Note that Doob's maximal inequalities are similar to Markov inequality. The fundamental difference though and powerfull fact is that the probability of the behavior of the whole path between \(0\) and \(t\) is controled by the expectation of the sub martingale at the begining and end.

Note also that the second statement shows that the norm of the running maximum of the path between \(0\) and \(t\), which can be arbitrarily large, is controled by the norm at time \(t\). This however only holds for \(p>1\).

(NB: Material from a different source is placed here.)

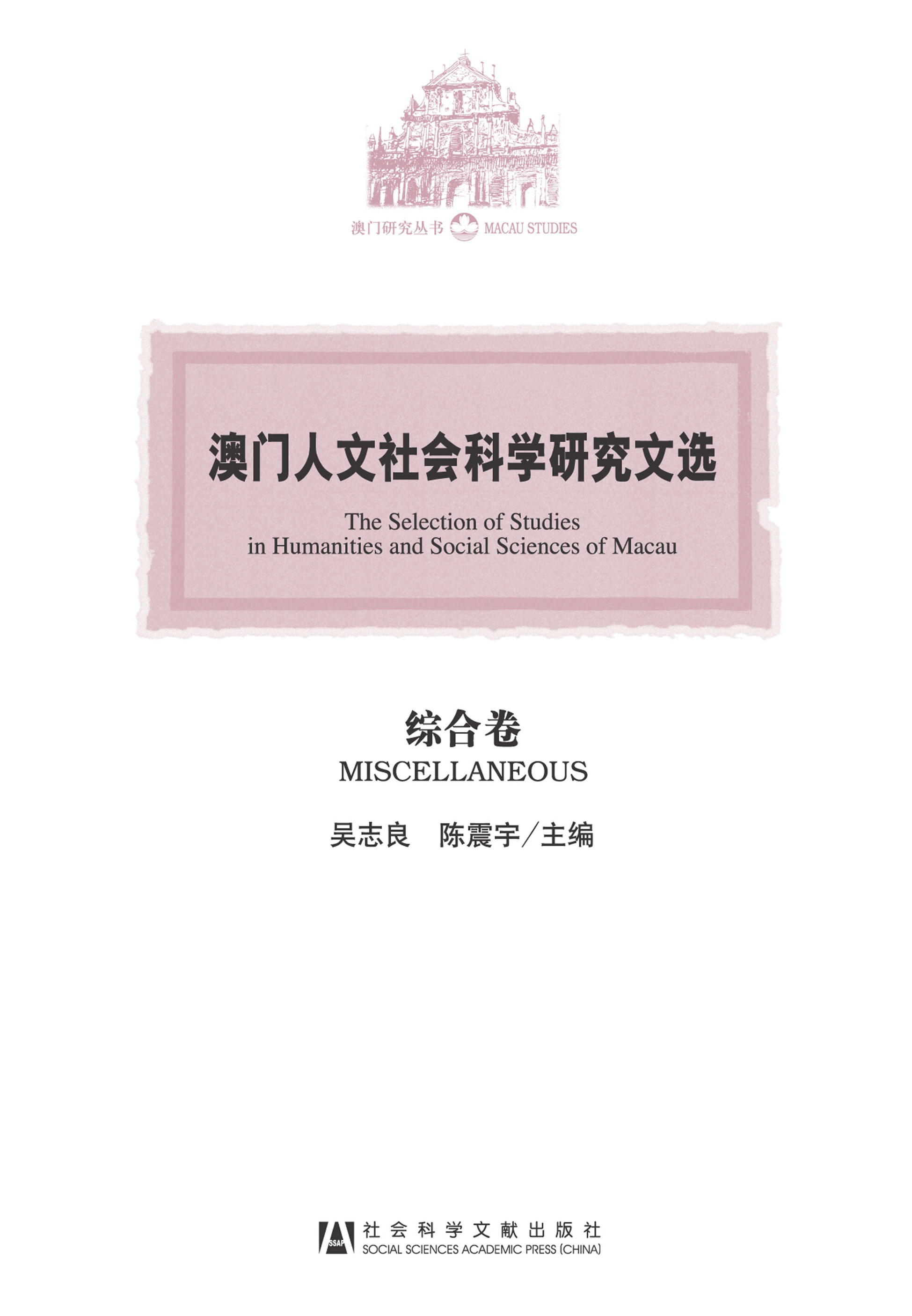 | 英 文 名: | The Selection of Studies in Humanities and Social Sciences of Macau·MISCELLANEOUS |

Those statements about the path being controled by the values at its boundary is certainly not trivial.

Proof

For the stopping time \(\tau=\inf\{s:X_s\geq \lambda \}\), observe that \(\{\tau\leq t\}=\{\overline{X}_t\geq \lambda\}\). Also, on \(\{\tau\leq t\}\), it holds \(X^\tau_{t}=X_{\tau\wedge t}\geq \lambda\). Hence,

\[ \begin{equation*} X_{\tau\wedge t}=X_{\tau}1_{\{\overline{X}_t\geq \lambda\}}+X_t1_{\{\tau>t\}}\geq \lambda 1_{\{\overline{X}_t\geq \lambda\}}+X_t1_{\{\tau>t\}}. \end{equation*} \]

It also holds, \(X_t1_{\{\tau>t\}}\geq -X_t^-\). Altogether, with Doob's optional sampling theorem and \(X\) being a sub-martingale, we get

\[ \begin{align*} E\left[ X_t \right] & = E\left[ E\left[X_t |\mathcal{F}_{t\wedge \tau} \right] \right]\\ & \geq E\left[ X_{\tau\wedge t} \right]\\ & \geq \lambda P\left[ \overline{X}_t\geq \lambda \right]+E\left[ 1_{\{\tau>t\}} X_t\right]\\ & \geq \lambda P\left[ \overline{X}_t\geq \lambda \right]-E\left[ X_t^- \right], \end{align*} \]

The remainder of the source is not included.